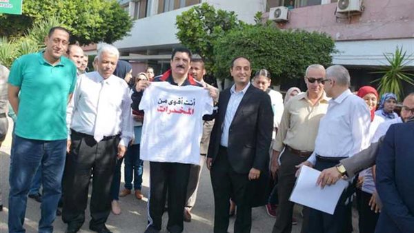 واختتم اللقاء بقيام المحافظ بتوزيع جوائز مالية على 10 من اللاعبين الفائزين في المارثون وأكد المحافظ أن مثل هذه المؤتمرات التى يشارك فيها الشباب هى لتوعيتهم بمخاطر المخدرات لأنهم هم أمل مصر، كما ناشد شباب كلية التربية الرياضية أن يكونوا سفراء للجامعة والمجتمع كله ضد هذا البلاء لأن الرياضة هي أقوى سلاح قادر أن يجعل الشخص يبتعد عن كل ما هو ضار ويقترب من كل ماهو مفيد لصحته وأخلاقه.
--
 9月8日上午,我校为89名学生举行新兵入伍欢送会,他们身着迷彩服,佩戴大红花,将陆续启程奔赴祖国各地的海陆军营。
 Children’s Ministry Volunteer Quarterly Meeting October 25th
--
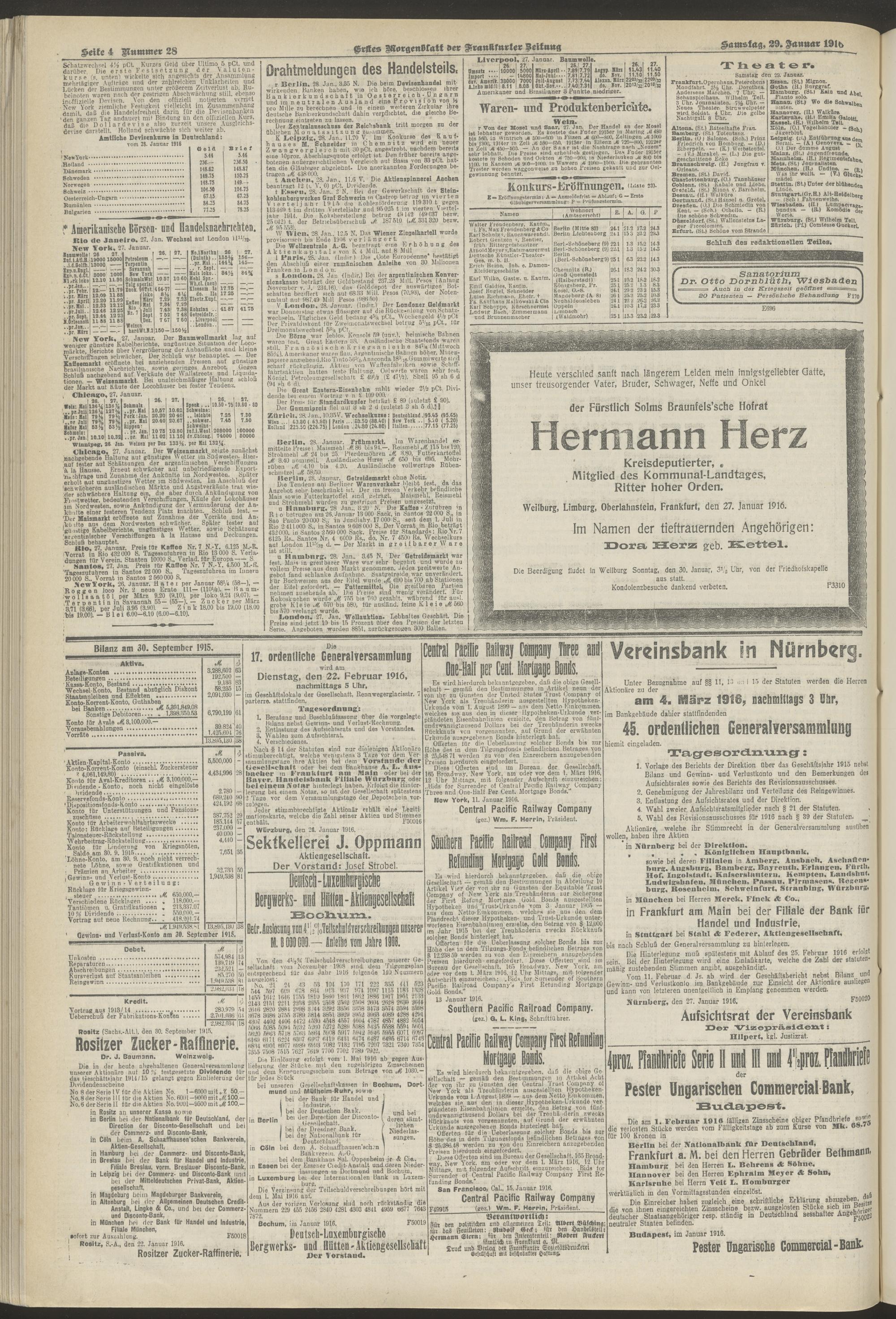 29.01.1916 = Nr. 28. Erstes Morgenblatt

**WORK TO BE COMPLETED:** Look through the entries above and quote exactly the lines from the line with "9月8日上午,我校为89名学" to the line with "Children’s Ministry Volunteer", counting both of those lines.

**ANSWER SECTION:**
 9月8日上午,我校为89名学生举行新兵入伍欢送会,他们身着迷彩服,佩戴大红花,将陆续启程奔赴祖国各地的海陆军营。
 Children’s Ministry Volunteer Quarterly Meeting October 25th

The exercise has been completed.